Jeff Bridges And Nikki Silver To Try And Bring Lois Lowry's The Giver To The Big Screen
When I was a kid there were few books that I loved as much as Lois Lowry's The Giver. Seriously, I made something like 20 dioramas using scenes from that book. A winner of multiple awards, including the 1994 Newbery Medal, the book is a great bit of dystopian fiction and even when I was 10 years old I wondered why nobody had ever turned it into a movie. The truth is there have been many attempts that have simply fallen flat. Specifically, producer Nikki Silver and Jeff Bridges have been trying to get Lowry's book on the screen for the last decade, but have been unable to get it done. In 2007 the rights landed at Warner Bros. where it has spent the last few years in development hell, but now Bridges and Silver have them back and are ready to get the movie made.
According to Variety, the duo has set up the project at On Screen Entertainment with Vadim Perelman, best known for writing and directing House of Sand and Fog, writing the screenplay. While the article doesn't mention it specifically, Bridges may be lining himself up for the title role, quoted as saying, "I originally thought of the role of The Giver as a vehicle for my father, the late Lloyd Bridges, however, at 61 years old I feel the time is right for me to do it." Set in a distant future where memories of history have been eradicated and emotions silenced , a twelve year old boy named Jonas learns that he is to be the "Receiver of Memory," the one person in the community who can enlighten decision through experience. Through what he learns, however, he begins to question the society's ways and learns some horrific truths.

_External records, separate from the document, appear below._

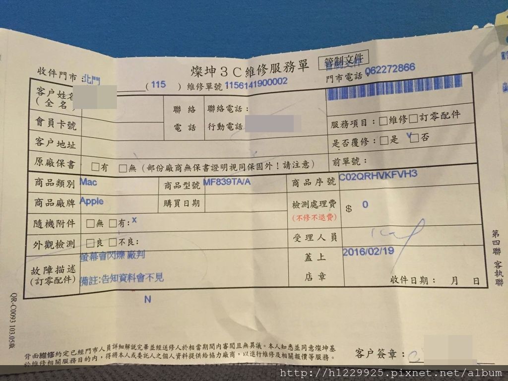 接著我們就送修電腦,櫃台表示會調物料,更換整個上蓋的部分 (螢幕那一整塊)
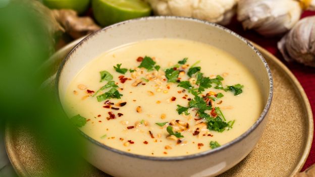 Pyszna, kremowa tajska zupa z kalafiora z dodatkiem imbiru, czosnku, żółtej pasty curry i mleczka kokosowego. Gotowana na bulionie, doprawiona sokiem z limonki, podana z orzeszkami ziemnymi, chili i świeżą kolendrą. Aromatyczna i rozgrzewająca – gotowa w około 30 minut!
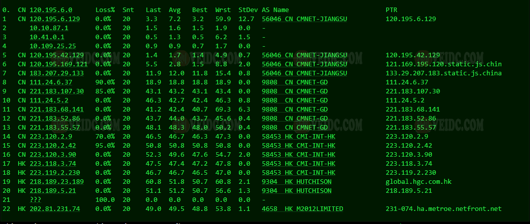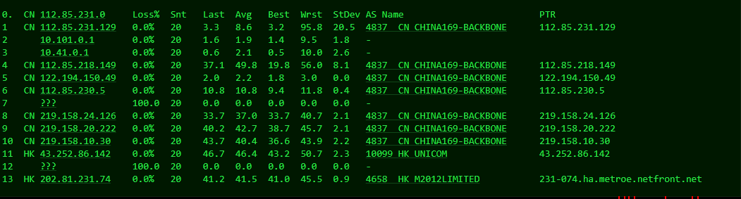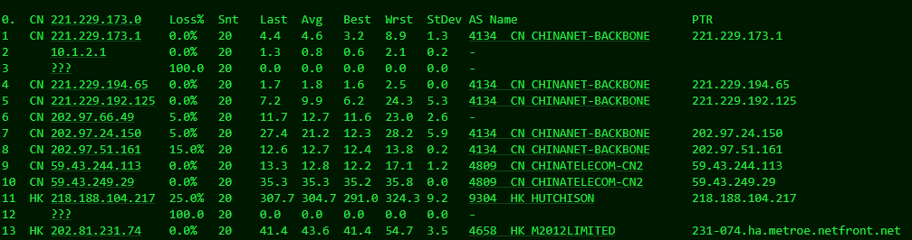 [Info] 测试路由 到 上海电信(天翼云) 中 ... traceroute to 101.227.255.45 (101.227.255.45), 30 hops max, 32 byte packets 1 * 2 * 3 218.30.56.149 30.60 ms AS4134 China, Hong Kong, ChinaTelecom 4 202.97.6.49 35.08 ms AS4134 China, Shanghai, ChinaTelecom 5 202.97.51.242 34.68 ms AS4134 China, Shanghai, ChinaTelecom 6 202.97.50.165 44.27 ms AS4134 China, Shanghai, ChinaTelecom 7 61.152.24.237 38.15 ms AS4812 China, Shanghai, ChinaTelecom 8 * 9 * 10 * 11 * 12 * 13 * 14 * 15 * 16 * 17 * 18 * 19 * 20 * 21 * 22 * 23 * 24 * 25 * 26 * 27 * 28 * 29 * 30 * [Info] 测试路由 到 上海电信(天翼云) 完成 ! [Info] 测试路由 到 厦门电信CN2 中 ... traceroute to 117.28.254.129 (117.28.254.129), 30 hops max, 32 byte packets 1 * 2 hutchcity11-100g.hkix.net (123.255.91.41) 3.45 ms * China, Hong Kong, hkix.net 3 218.188.104.218 51.88 ms AS9304 China, Hong Kong, hgc.com.hk 4 59.43.188.125 47.63 ms * China, Guangdong, Guangzhou, ChinaTelecom 5 * 6 * 7 59.43.46.214 80.07 ms * China, Fujian, ChinaTelecom 8 * 9 27.159.81.194 108.06 ms AS133775 China, Fujian, Xiamen, ChinaTelecom 10 117.25.141.110 98.94 ms AS133775 China, Fujian, Xiamen, ChinaTelecom 11 117.28.254.129 87.46 ms AS4809 China, Fujian, Xiamen, ChinaTelecom [Info] 测试路由 到 厦门电信CN2 完成 ! [Info] 测试路由 到 浙江杭州联通 中 ... traceroute to 101.71.241.238 (101.71.241.238), 30 hops max, 32 byte packets 1 * 2 * 3 * 4 * 5 * 6 219.158.40.237 205.16 ms AS4837 China, Hong Kong, ChinaUnicom 7 219.158.10.53 202.28 ms AS4837 China, Guangdong, Guangzhou, ChinaUnicom 8 219.158.97.26 200.53 ms AS4837 China, Guangdong, Guangzhou, ChinaUnicom 9 219.158.24.125 201.75 ms AS4837 China, Guangdong, Guangzhou, ChinaUnicom 10 219.158.106.70 210.86 ms AS4837 China, Zhejiang, Hangzhou, ChinaUnicom 11 101.71.244.94 207.05 ms AS4837 China, Zhejiang, Hangzhou, ChinaUnicom 12 * 13 * 14 * 15 * 16 * 17 * 18 * 19 * 20 * 21 * 22 * 23 * 24 * 25 * 26 * 27 * 28 * 29 * 30 * [Info] 测试路由 到 浙江杭州联通 完成 ! [Info] 测试路由 到 浙江杭州移动 中 ... traceroute to 112.17.0.106 (112.17.0.106), 30 hops max, 32 byte packets 1 * 2 * 3 * 4 * 5 * 6 221.183.55.34 36.38 ms AS9808 China, Shanghai, ChinaMobile 7 221.183.25.193 36.30 ms AS9808 China, Shanghai, ChinaMobile 8 221.183.23.25 39.20 ms AS9808 China, Shanghai, ChinaMobile 9 111.24.3.93 45.11 ms AS9808 China, Shanghai, ChinaMobile 10 111.24.3.30 41.31 ms AS9808 China, Zhejiang, Hangzhou, ChinaMobile 11 * 12 112.17.253.110 40.38 ms AS56041 China, Zhejiang, Hangzhou, ChinaMobile 13 * 14 * 15 * 16 * 17 * 18 * 19 * 20 * 21 * 22 * 23 * 24 * 25 * 26 * 27 * 28 * 29 * 30 * [Info] 测试路由 到 浙江杭州移动 完成 ! [Info] 测试路由 到 北京教育网 中 ... traceroute to 202.205.6.30 (202.205.6.30), 30 hops max, 32 byte packets 1 * 2 cernetedu1-lacp-10g.hkix.net (123.255.91.118) 4.05 ms * China, Hong Kong, hkix.net 3 101.4.114.181 38.13 ms AS4538 China, Beijing, CHINAEDU 4 * 5 * 6 101.4.118.213 41.65 ms AS4538 China, Beijing, CHINAEDU 7 101.4.113.110 40.36 ms AS4538 China, Beijing, CHINAEDU 8 219.224.102.230 41.99 ms AS4538 China, Beijing, CHINAEDU 9 * 10 * 11 101.4.130.54 45.02 ms AS133111 China, Beijing, CHINAEDU 12 * 13 101.4.130.54 42.75 ms AS133111 China, Beijing, CHINAEDU 14 * 15 101.4.130.54 43.03 ms AS133111 China, Beijing, CHINAEDU 16 * 17 101.4.130.54 42.56 ms AS133111 China, Beijing, CHINAEDU 18 101.4.130.53 41.35 ms AS133111 China, Beijing, CHINAEDU 19 101.4.130.54 43.26 ms AS133111 China, Beijing, CHINAEDU 20 * 21 * 22 101.4.130.53 41.67 ms AS133111 China, Beijing, CHINAEDU 23 101.4.130.54 43.18 ms AS133111 China, Beijing, CHINAEDU 24 * 25 * 26 101.4.130.53 41.82 ms AS133111 China, Beijing, CHINAEDU 27 * 28 * 29 * 30 * [Info] 测试路由 到 北京教育网 完成 ! [Info] 四网路由快速测试 已完成 !

As much as I've wanted this film to get made, I do understand why it's taken so long to make the leap to the silver screen. For one thing, the film will likely be almost entirely black-and-white (though it will gain more and more color as the story goes on) and there's some disturbing imagery that might make the material unsuitable for its target audience. It should be mentioned that the book isn't perfect and has some gaping holes, but in the hands of a proper writer and director it could be wonderful.